Thanks for the comments guys. I've taken your advise on board and will read and learn. just a quick note to those people who got ****ed off with me and went on about ignoring and all that.. You dont know me, you dont know where I was and what stage i was in physically so why would you say that I have not trained and just jumpped on the gear?!?!?! you dont even know how long I've been training ffs !!!!

that is what makes me laugh....

anyway, to be honest I couldnt care less if u guys put me on ignore as I will defo do the same.

I'm just here to learn!!!

by the way, whats with this "troll" thing? I've put up my pics and now I'm a troll?!??! strange...

People like you (not all of you tho) are even bad for the reputation of forums like this one.


----------



## Mark2021 (Apr 13, 2012)

How long you been training and whats your diet like?

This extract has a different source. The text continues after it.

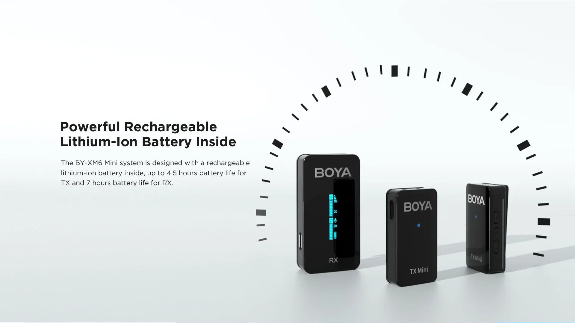 - بطارية تدوم حتى 7 ساعات للمستقبل و4.5 ساعات للمرسل

You also said this was you 3 months ago, so what do you look like now?

Post a recent pic up


----------



## DeadpoolX (Aug 28, 2012)

Don't take things so personally anyway fella , it's only banter half the time and if you are serious about doing it again "properly" then there are plenty of people on this forum to learn from .


----------



## monster wanna b (Nov 1, 2012)

Mark2021 said:


> How long you been training and whats your diet like?
> 
> You also said this was you 3 months ago, so what do you look like now?
> 
> Post a recent pic up


I was on test e for 15 weeks. training 3-4 days a week.

diet:

morning

4 eggs. 2 whites and 2 whole

10 oclock:

2 more eggs only whites

1 banana

12.30

1 tuna

my shake

2:30

1- sardine

cottage cheese

my shake

4.30 or 5 pm

chicken breast or white fish or steak with broccoli and vegetables

and in between my meals I was having nuts and cheese

before bed around 10 pm

my shake

That was my diet and training routine

currently I have not been training for a few weeks but going to get back to it and will post a pic before my cycle.


----------



## Fatstuff (Mar 2, 2010)

monster wanna b said:


> I was on test e for 15 weeks. training 3-4 days a week.
> 
> diet:
> 
> ...


u really sound commited m8, this appears to be your gym past, present and future (now i rarely flame on people taking gear early but u must be jokin me)

trained a bit

got on gear but didnt eat properly

stopped training for a bit

going to do another cycle


----------



## The L Man (Sep 13, 2010)

I can actually see a difference. Doesn't seem bad for 3 months.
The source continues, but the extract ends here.